Monday, April 29, 2013

Better Fiction through Songwriting: Kacey Musgraves



I was hanging out with a dear friend recently, helping her pick out a couch for her apartment (this is the one way in the world in which I am useful to my friends, unlike my friend the veterinarian or my friend the chef), and she played me some songs by great new country artist Kacey Musgraves. "You're going to love her," my friend said. "I just saw an interview with her where she said one of her favorite artists is John Prine."

And boy, can you tell.
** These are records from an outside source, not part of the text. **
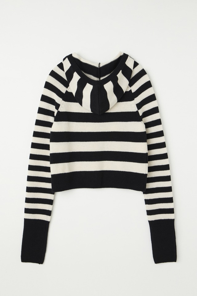 デイリーに着用できるニットフーディーです。親指用のスリットがあり、冬には手袋の代わりに手を包むことができます。Mサイズはクロップ丈、Lサイズは程よいオーバーサイズです。
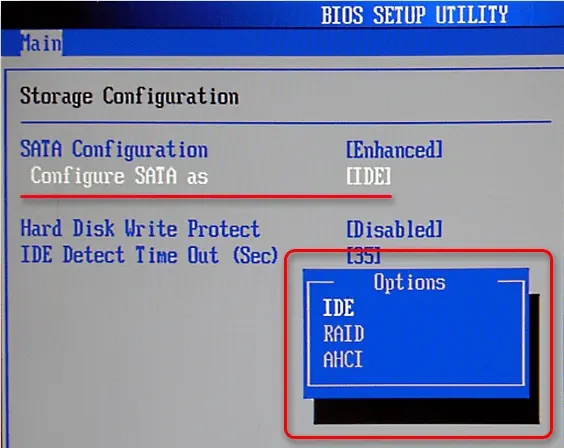 – Изменение режима SATA/контроллера в BIOS/UEFI (AHCI ↔ IDE/RAID).
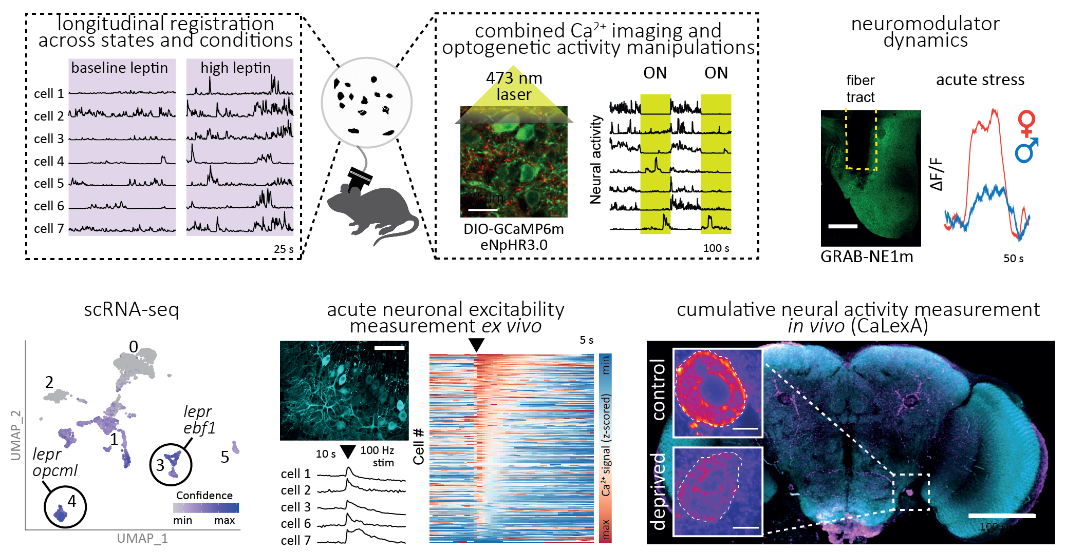 1. Investigation of the neuronal mechanisms that enable distinct hypothalamic populations to sense peripheral signals and balance competing needs accordingly.

Not just from the song whose chorus goes, "my idea of heaven is to burn one with John Prine"--although, yes, Kacey, I agree with you--but in her incisive portrait of small town claustrophobia, "Merry Go 'Round:"


If you ain't got two kids by 21,
You're probably gonna die alone
At least that's what tradition told you.
And it don't matter if you don't believe,
Come Sunday morning you best be there
In the front row, like you're s'posed to.
Same hurt in every heart.
Same trailer, different park.

Mama’s hooked on Mary Kay
Brother’s hooked on Mary Jane
And Daddy's hooked on Mary two doors down.
Mary Mary quite contrary,
We get bored so we get married
And just like dust we settle in this town.
On this broken merry go 'round and 'round and 'round we go,
Where it stops nobody knows...
And it ain't slowin' down, this merry go 'round...

We think the first time's good enough,
So we hold on to high school love,
Say we won't end up like our parents.
Tiny little boxes in a row,
Ain't what you want it's what you know,
Just happy in the shoes you're wearin'.
Same checks we're always cashin',
To buy a little more distraction.

-chorus-

Mary Mary quite contrary,
We're so bored until we're buried.
And just like dust we settle in this town.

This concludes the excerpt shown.